Information shown:
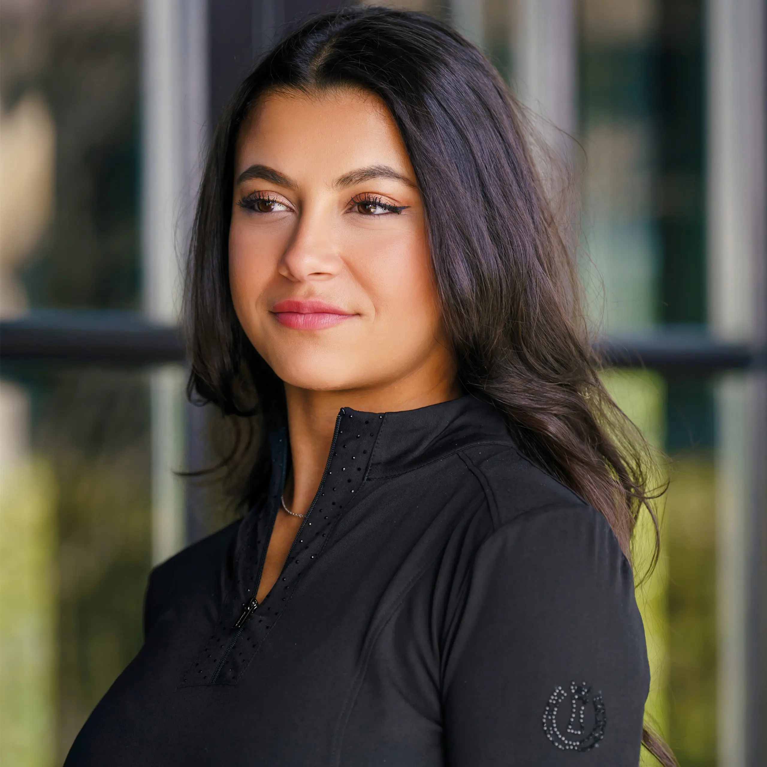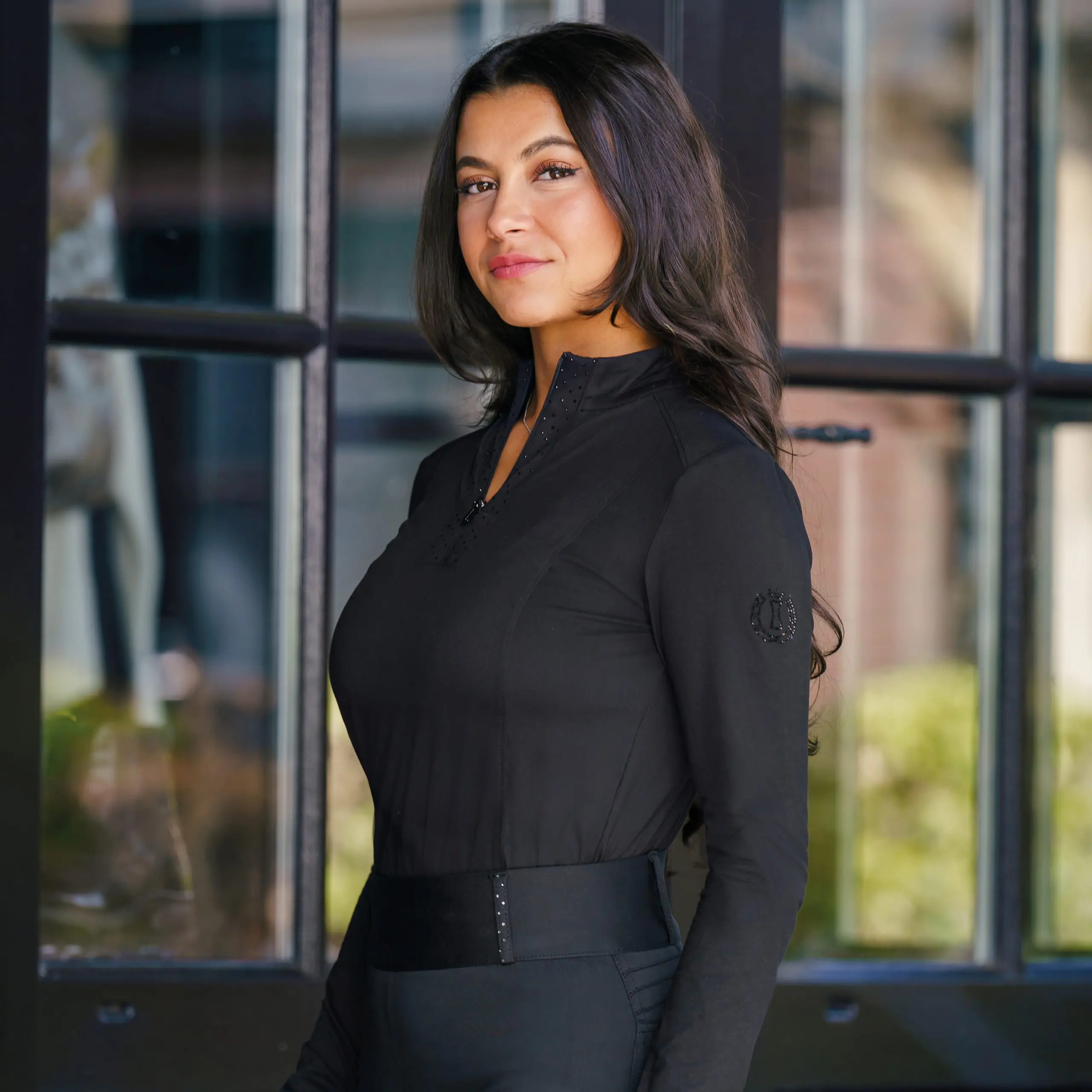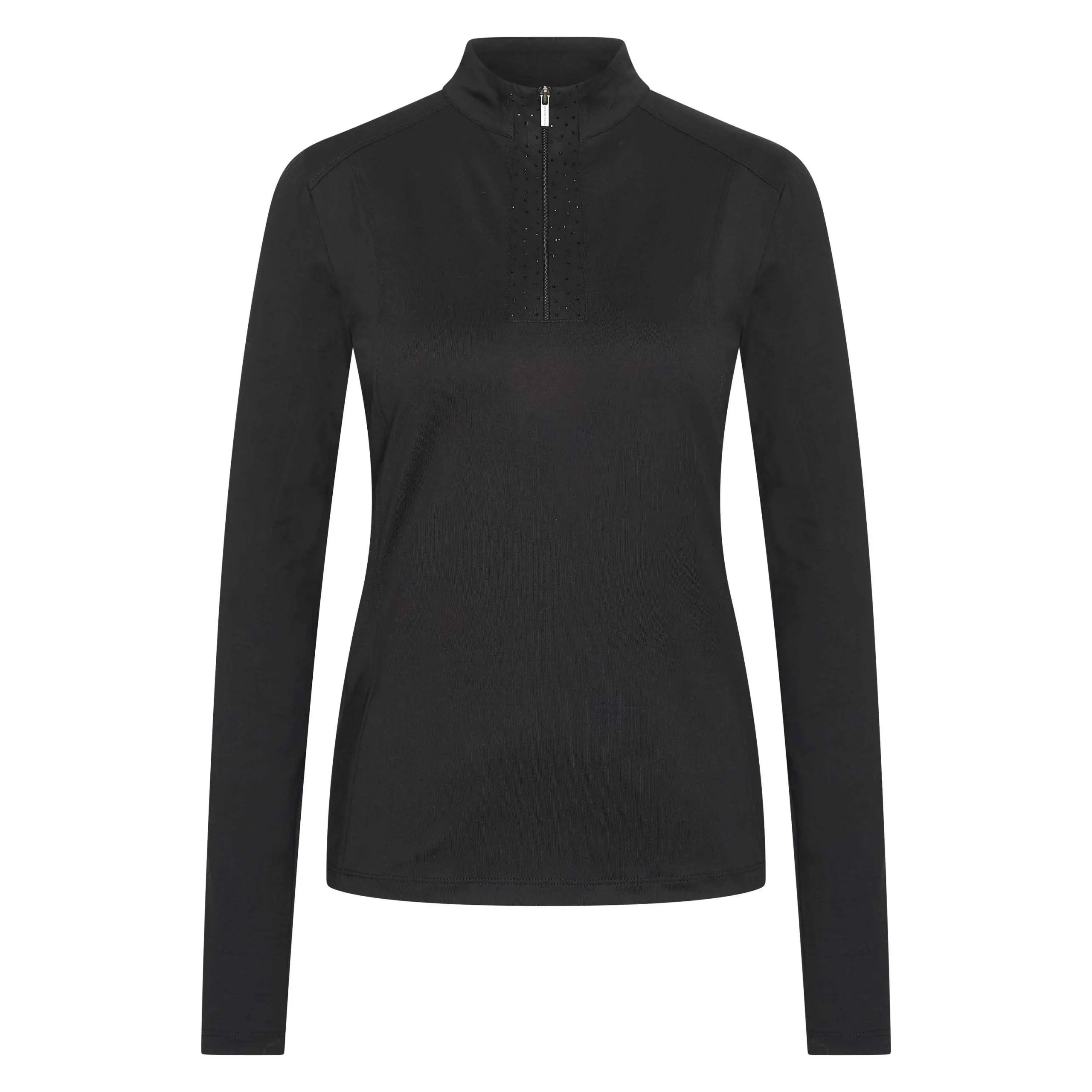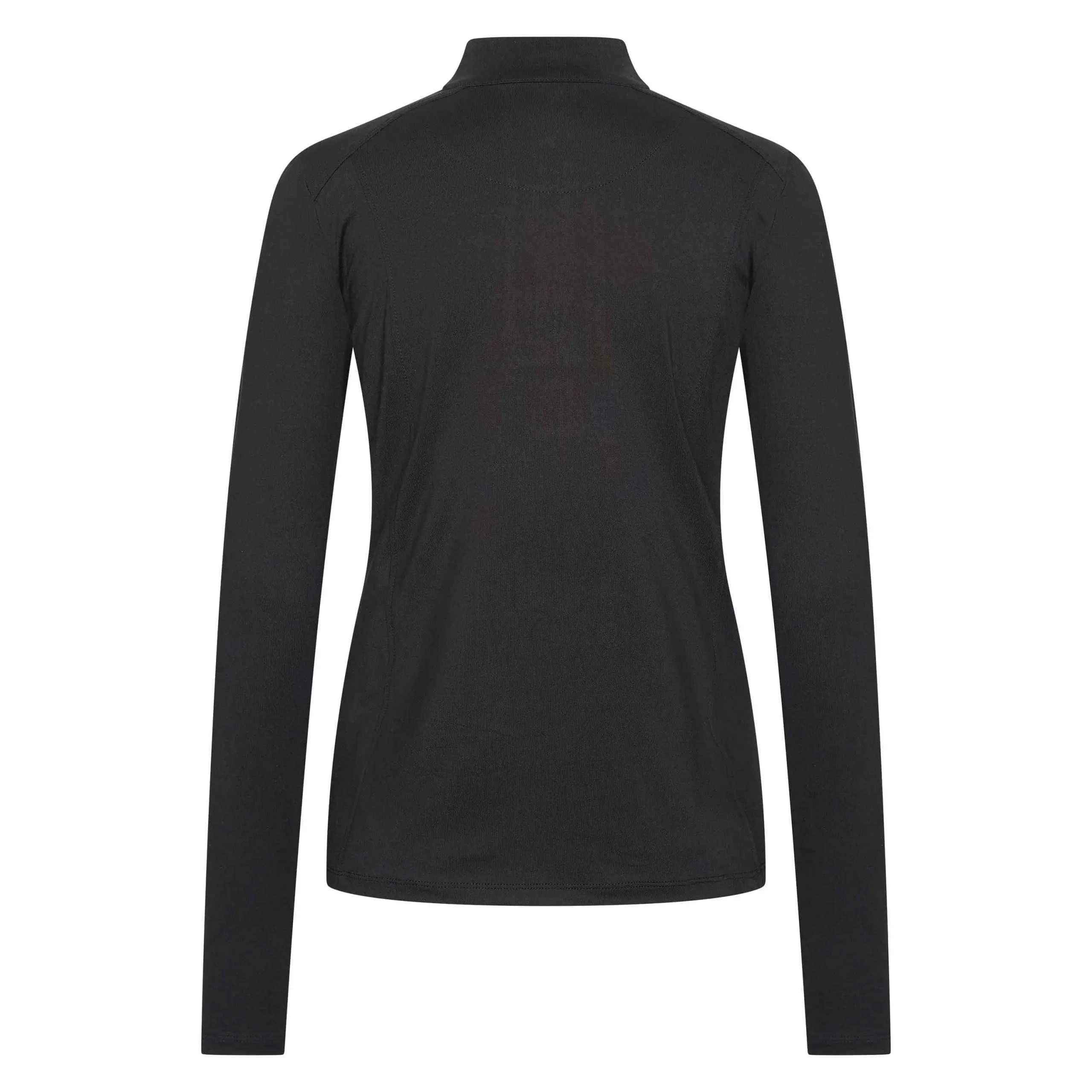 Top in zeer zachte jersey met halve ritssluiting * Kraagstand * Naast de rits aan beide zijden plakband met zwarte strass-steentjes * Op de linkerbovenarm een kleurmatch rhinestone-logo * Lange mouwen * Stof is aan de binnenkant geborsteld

---

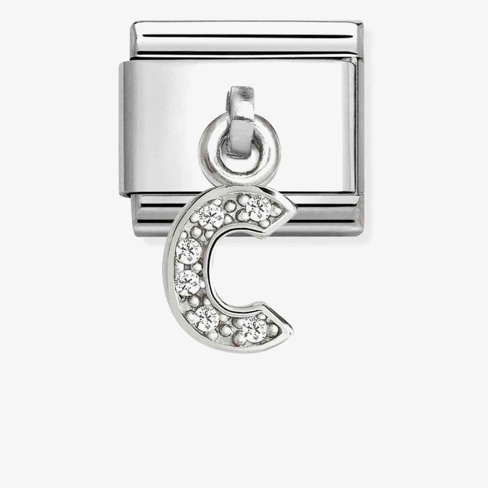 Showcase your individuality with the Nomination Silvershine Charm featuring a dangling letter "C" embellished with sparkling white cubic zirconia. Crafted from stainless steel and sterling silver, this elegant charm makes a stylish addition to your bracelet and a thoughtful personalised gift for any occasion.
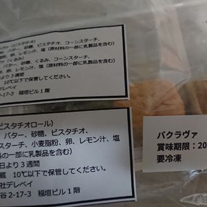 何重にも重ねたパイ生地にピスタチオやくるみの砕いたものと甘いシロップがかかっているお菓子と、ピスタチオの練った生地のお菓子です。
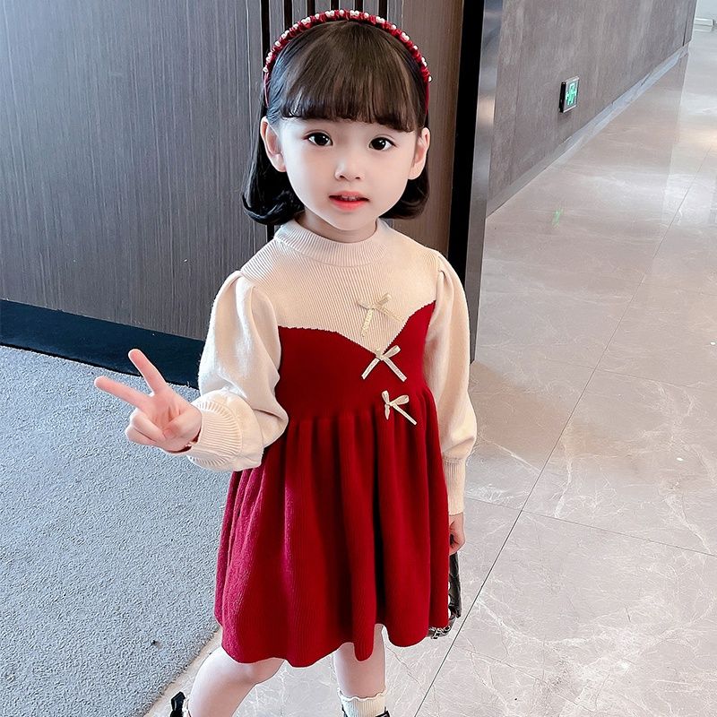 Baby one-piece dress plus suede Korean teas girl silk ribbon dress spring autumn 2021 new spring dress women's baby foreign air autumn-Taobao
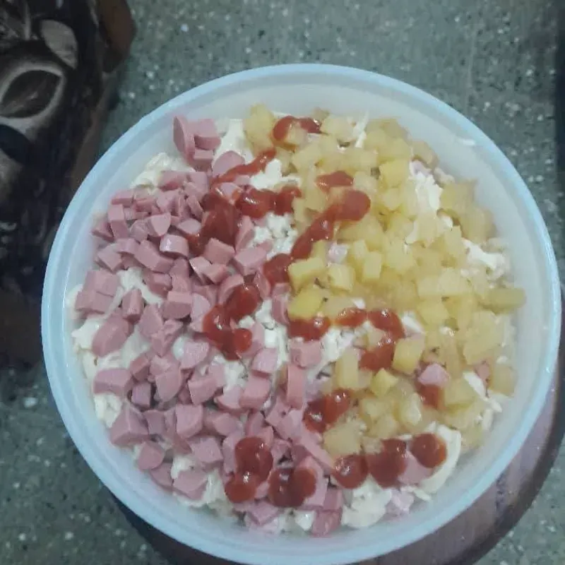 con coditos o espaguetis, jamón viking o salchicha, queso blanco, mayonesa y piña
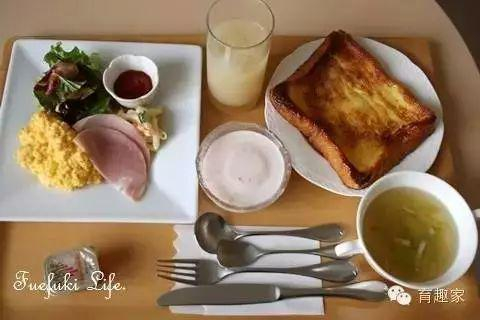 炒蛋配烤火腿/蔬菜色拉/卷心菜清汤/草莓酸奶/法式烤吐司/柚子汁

---

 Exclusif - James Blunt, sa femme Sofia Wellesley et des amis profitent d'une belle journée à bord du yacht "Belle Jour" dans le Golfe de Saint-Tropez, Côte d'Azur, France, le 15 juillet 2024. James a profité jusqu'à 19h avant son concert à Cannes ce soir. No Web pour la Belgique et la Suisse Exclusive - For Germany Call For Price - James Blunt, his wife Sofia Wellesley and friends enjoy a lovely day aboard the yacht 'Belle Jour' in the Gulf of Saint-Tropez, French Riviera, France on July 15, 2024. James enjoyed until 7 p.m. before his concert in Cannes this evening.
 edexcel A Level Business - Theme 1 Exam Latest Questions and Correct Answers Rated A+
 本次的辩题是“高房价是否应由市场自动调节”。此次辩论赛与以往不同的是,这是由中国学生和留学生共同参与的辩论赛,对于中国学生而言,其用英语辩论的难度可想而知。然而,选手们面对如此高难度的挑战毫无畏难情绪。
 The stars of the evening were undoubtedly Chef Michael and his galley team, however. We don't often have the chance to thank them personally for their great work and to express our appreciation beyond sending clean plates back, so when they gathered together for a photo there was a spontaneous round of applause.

Exercise details: Above are the records; restate exactly the lines from the one containing "Showcase your individuality" through the one containing "炒蛋配烤火腿/蔬菜色拉/卷心菜清汤/草莓酸奶/法式烤吐司/柚子汁", keeping pictures out.

Exercise solution:
 Showcase your individuality with the Nomination Silvershine Charm featuring a dangling letter "C" embellished with sparkling white cubic zirconia. Crafted from stainless steel and sterling silver, this elegant charm makes a stylish addition to your bracelet and a thoughtful personalised gift for any occasion.
 何重にも重ねたパイ生地にピスタチオやくるみの砕いたものと甘いシロップがかかっているお菓子と、ピスタチオの練った生地のお菓子です。
 Baby one-piece dress plus suede Korean teas girl silk ribbon dress spring autumn 2021 new spring dress women's baby foreign air autumn-Taobao
 con coditos o espaguetis, jamón viking o salchicha, queso blanco, mayonesa y piña
 炒蛋配烤火腿/蔬菜色拉/卷心菜清汤/草莓酸奶/法式烤吐司/柚子汁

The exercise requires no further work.